Closed slominskir closed 5 years ago
Two additional points:
public void contextVirtualCircuitException(ContextVirtualCircuitExceptionEvent ev) {
LOGGER.log(Level.SEVERE, "EPICS CA Context Virtual Circuit Exception: Status: {0}, Address: {1}, Fatal: {2}", new Object[]{ev.getStatus(), ev.getVirtualCircuit(), ev.getStatus().isFatal()});
Transport[] transports = context.getTransportRegistry().toArray();
for (Transport t : transports) {
// No port in getVirtualCircuit(). Hope there aren't multiple CA servers at that IP!
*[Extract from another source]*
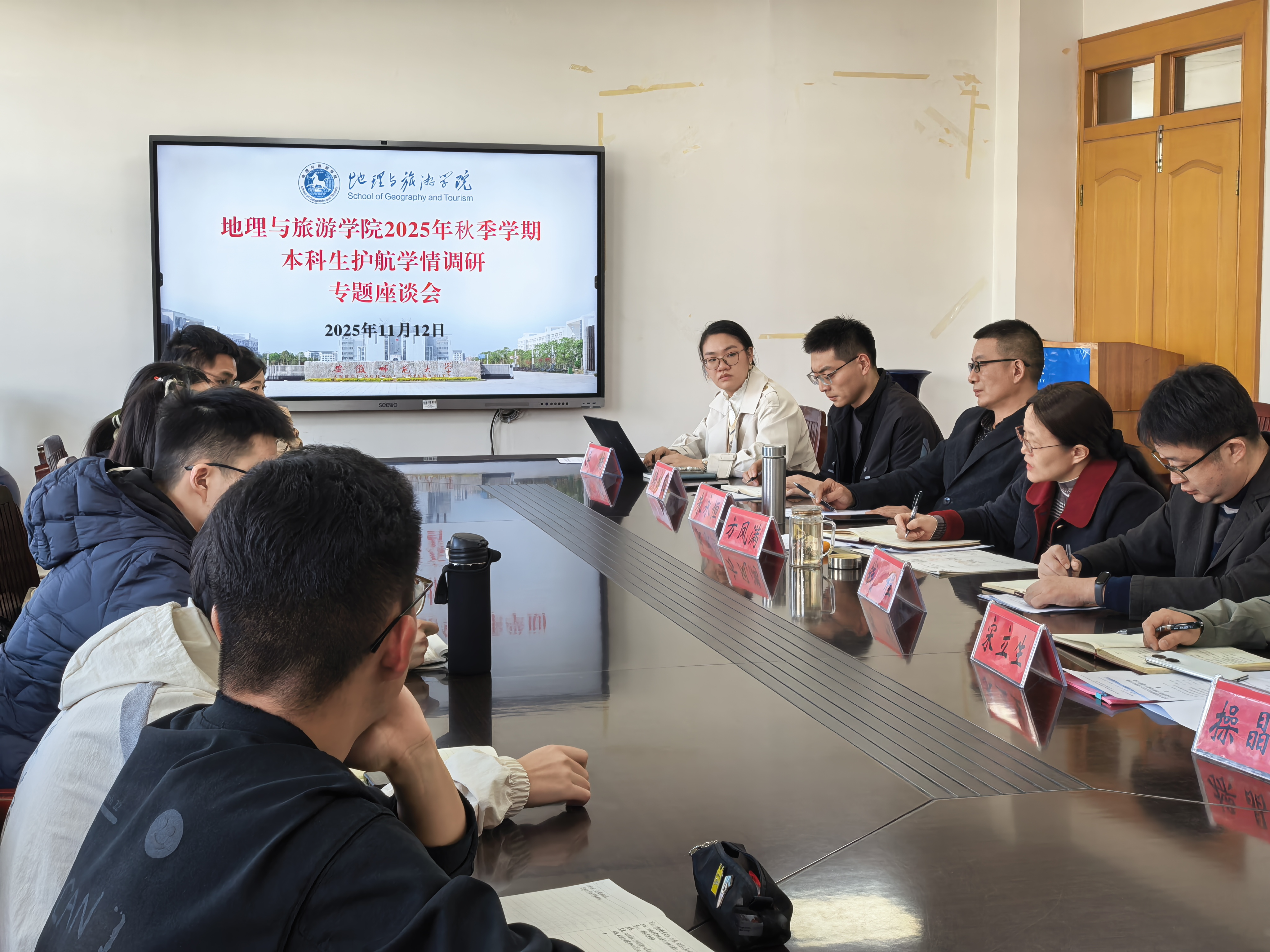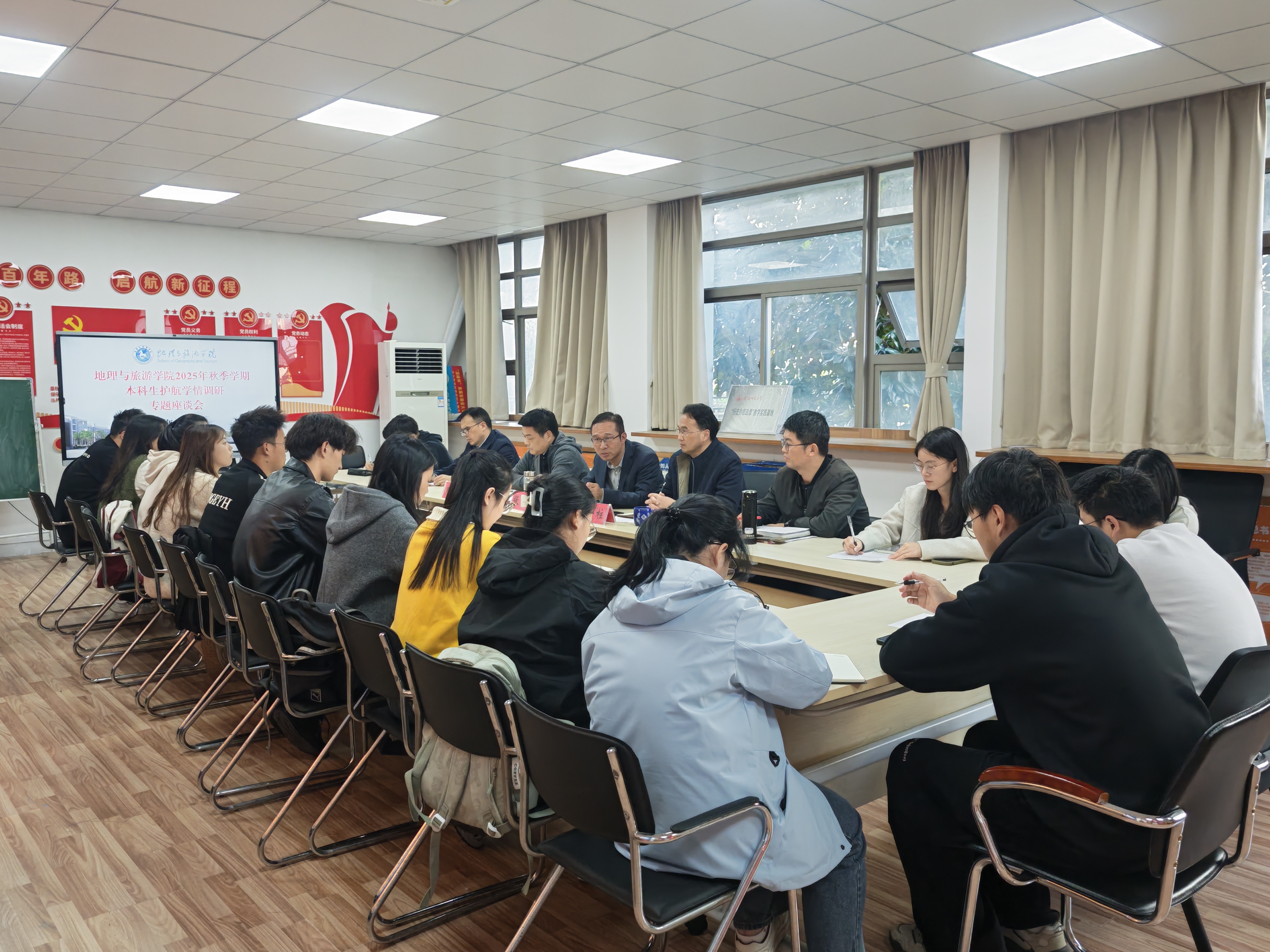 组织召开2025年秋季学期本科生护航学情调研专题座谈会。基于专业特点,座谈会分设地理地拔地信与旅游土地城规两个专场同步进行。女同做爱

if (ev.getVirtualCircuit().equals(t.getRemoteAddress().getAddress())) {
CATransport cat = (CATransport) t;
Channel[] channels = context.getChannels();
for (Channel c : channels) {
CAJChannel cac = (CAJChannel) c;
if (cat.equals(cac.getTransport())) {
//TODO: Now that we know the channel, we can lookup the WebSocket(s)!
}
}
}
}
}
Opting to "do nothing". It seems the gov.aps.jca.event.ConnectionListener will notify ChannelMonitors when connectivity issues occur. Reset the whole context code was as removed.
We need to research how best to handle the scenario where an IOC becomes unresponsive and the client API (CAJ) throws ContextVirtualCircuitException with status 60:
EPICS CA Context Virtual Circuit Exception: Status: gov.aps.jca.CAStatus[UNRESPTMO=60,WARNING=0]=Virtual circuit connection unresponsive
Currently epics2web will attempt to reset the entire context in this scenario: context.destroy() is called and then a new CAJContext is created and all monitors are re-created.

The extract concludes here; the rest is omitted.